Lemonade says applicant driver’s license numbers exposed

Lemonade Inc. has begun sending notification letters to about 190,000 people after their driver’s license numbers were transmitted unencrypted, according to regulatory filings by the company. 

The company said a technical issue in its online application process for car insurance led to the exposure of data in an application programming interface call to a third-party data provider, according to an April 9 filing with the Securities and Exchange Commission. 

As part of the online application process, certain information is sent between a server and a user’s browser, according to the filing. This includes data used to generate an insurance quote.  

Lemonade said it learned of the issue on March 14 and said the exposures likely lasted from April 2023 through March 2024, according to a notice filed with the California Attorney General’s office. 
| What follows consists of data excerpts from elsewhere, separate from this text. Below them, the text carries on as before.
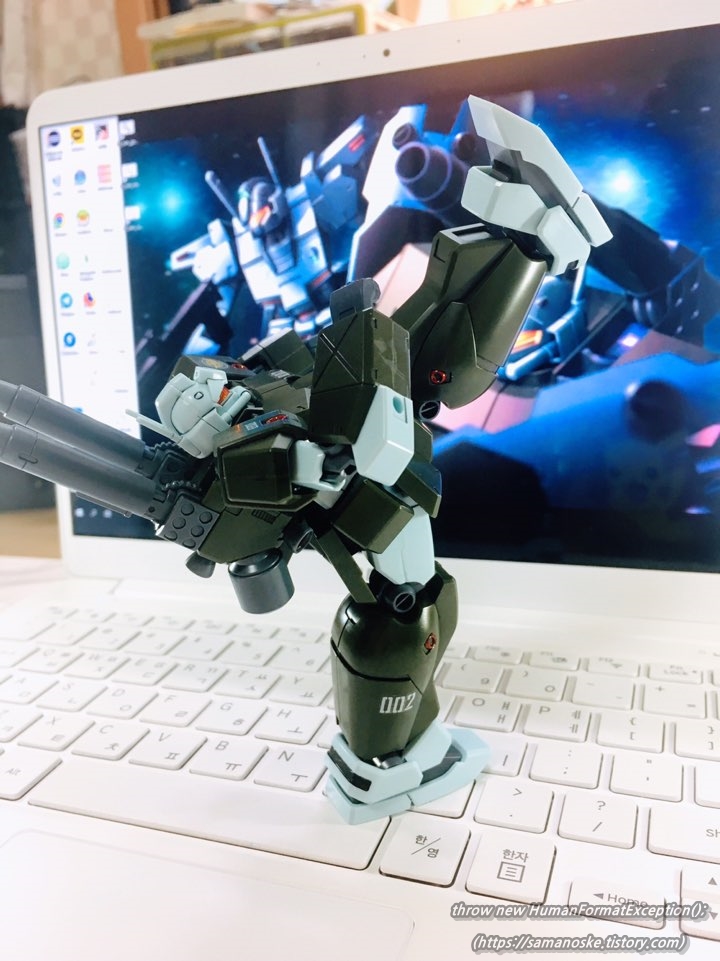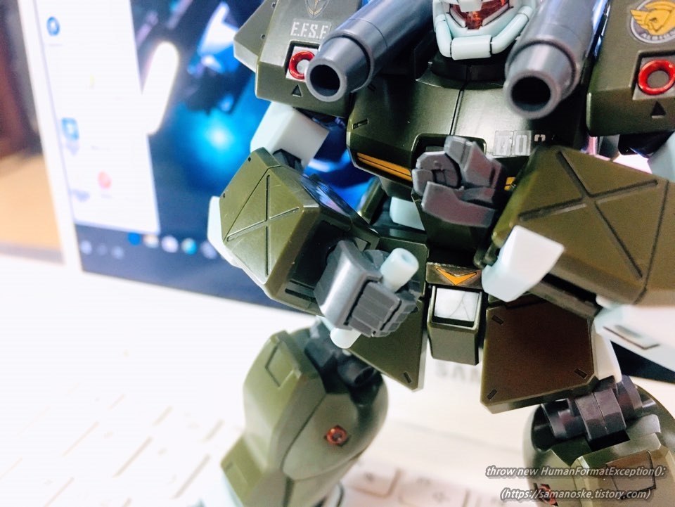 양손에 편 손 파츠도 있길래 원조 포격 지원기인 건캐논의 엎드려쏴!! 자세 따라해봄..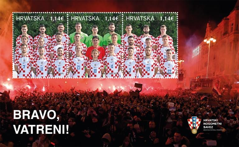 | Description: | Motifs: photograph of the Vatreni in official national football team jerseys and their welcome at Ban Jelačić Square 2022. godine The stamp was issued in a souvenir sheet of three stamps, and the Croatian Post has also issued a First Day Cover (FDC). The souvenir sheet was issued in collaboration with Croatian Football Federation |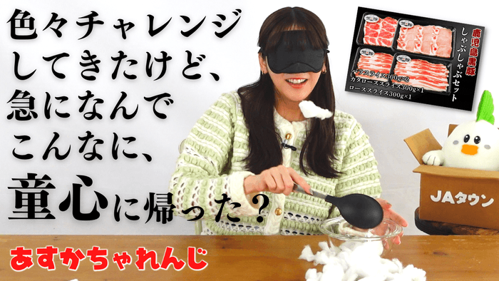 今回の配信はMCの貴島明日香さんが様々な企画に挑戦する「あすかチャレンジ」です。今回は目隠しした状態でおたまを使い、机の上のコットンをすくい上げて、制限時間内にボウルに移す「目隠しコットン」と、投げたティッシュに扇子で風を送り、一定時間空中に浮かす「扇子ティッシュ」に挑戦します。童心に帰ったかのようにゲームにチャレンジする、普段見られない貴島さんの姿をぜひお楽しみください。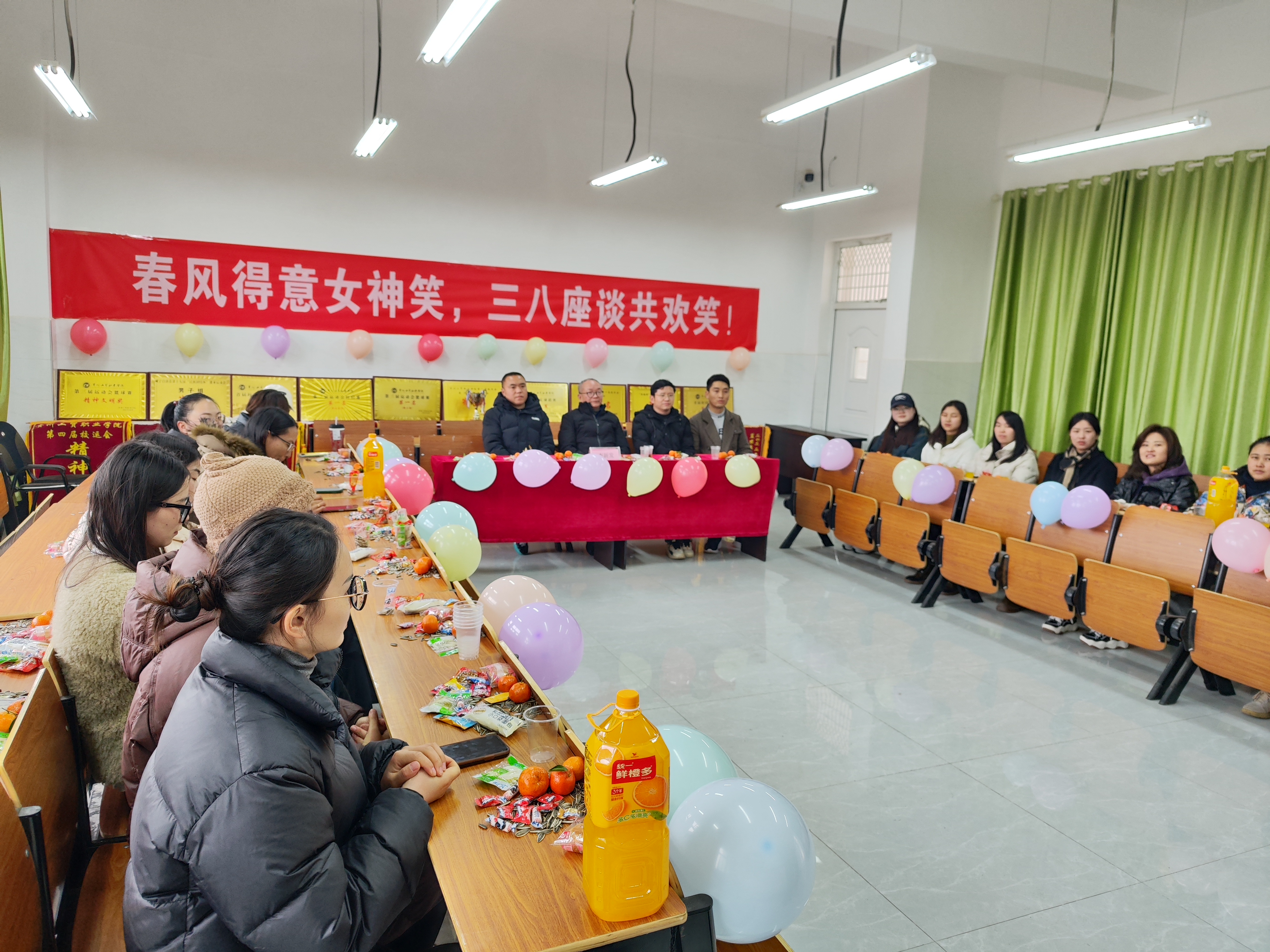 3月8日,为庆祝国际劳动妇女节,我院隆重举行了“三八”妇女节座谈会。此次活动由学工、教务和学生会共同筹备,旨在为全体女性师生提供一个交流心得、分享经验的平台,共同庆祝女性在教育、社会等各个领域的杰出贡献。活动当天,我院学工科、教务科和院学生会的工作人员早早地开始了会场的布置工作。会场上,色彩缤纷的气球、精心挑选的横幅以及温馨的标语,都透露出对女性师生的深深敬意和节日的喜悦。特别值得一提的是,由李安维老师负责采购的鲜花和用品,更是为会场增添了一抹别样的芬芳和色彩。

The technical issue allowed the data to be sent out without the normal means of protection used by Lemonade and the driver’s license numbers were left without encryption. The company said has since taken measures to resolve the vulnerability.

Lemonade said none of its operations were compromised and customer data was not targeted. The company said it does not consider the incident to be “material” to operations or financial results.   

The company said it will notify regulators based on its legal obligations. 

A spokesperson for the company was not immediately available. 

Lemonade offers various policies, including renters, homeowners, pets, auto and life insurance in the U.S. and parts of Europe. It has more than 2.4 million customers.